Adapting LLMs to the financial domain via continual pretraining (CPT) causes catastrophic forgetting of general reasoning skills (e.g., mathematics, logic), while traditional fixes like rehearsal violate privacy or lack capacity.

Why it matters:

Financial institutions need models that understand proprietary data but must also retain general reasoning for complex analysis and customer support.
Existing solutions like EWC require expensive hyperparameter tuning, and rehearsal methods require storing sensitive data, violating strict financial privacy regulations.
Retraining to find the right balance between specialization and generalization is computationally prohibitive (thousands of GPU hours per configuration).

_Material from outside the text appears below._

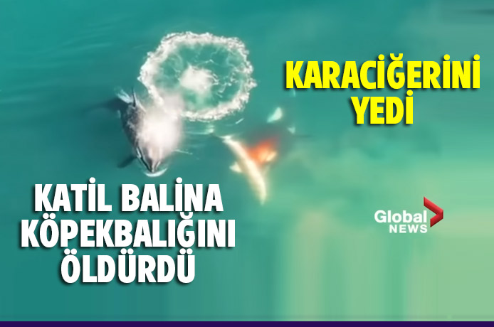 Katil balina büyük beyaz köpekbalığını öldürüp karaciğerini yedi

Concrete Example: A standard LLaMA-3.1-8B model adapted on financial documents improves at answering regulatory questions but its ability to solve GSM8K math problems drops from ~80% to ~55% (69.5% retention), making it unreliable for quantitative analysis.

Key Novelty

Post-Hoc Selective Parameter Restoration via Spectral Analysis

Instead of constraining the model during training, SPEAR-MM analyzes the fully adapted model to measure which layers drifted significantly using signal-to-noise ratio (SWCI) and structural rank changes (SVDR).
It selectively restores the 'drifting' parameters that caused forgetting by merging them back towards the base model using Spherical Linear Interpolation (SLERP), creating a hybrid model without retraining.

Architecture

The SPEAR-MM workflow pipeline.

Evaluation Highlights

Achieves 91.2% retention of general capabilities (vs. 69.7% for standard CPT) on LLaMA-3.1-8B while maintaining 94% of financial domain adaptation gains.
Reduces computational costs by >99% compared to exploring freezing strategies via retraining (1.5 GPU-hours for analysis vs. 18,000+ GPU-hours for CPT).
Restores mathematical reasoning (GSM8K) to 97.5% of the base model's performance, compared to just 69.5% retention for the standard CPT baseline.

Breakthrough Assessment

8/10

Offers a highly practical, privacy-preserving solution for regulated industries. drastic compute reduction for exploring trade-offs makes it very adoptable, though it relies on existing merging techniques (SLERP).

⚙️ Technical Details

Problem Definition

Setting: Post-hoc adaptation of a domain-specialized model M_prop (derived from base M_0) to recover general capabilities B_ext while retaining domain knowledge D_prop.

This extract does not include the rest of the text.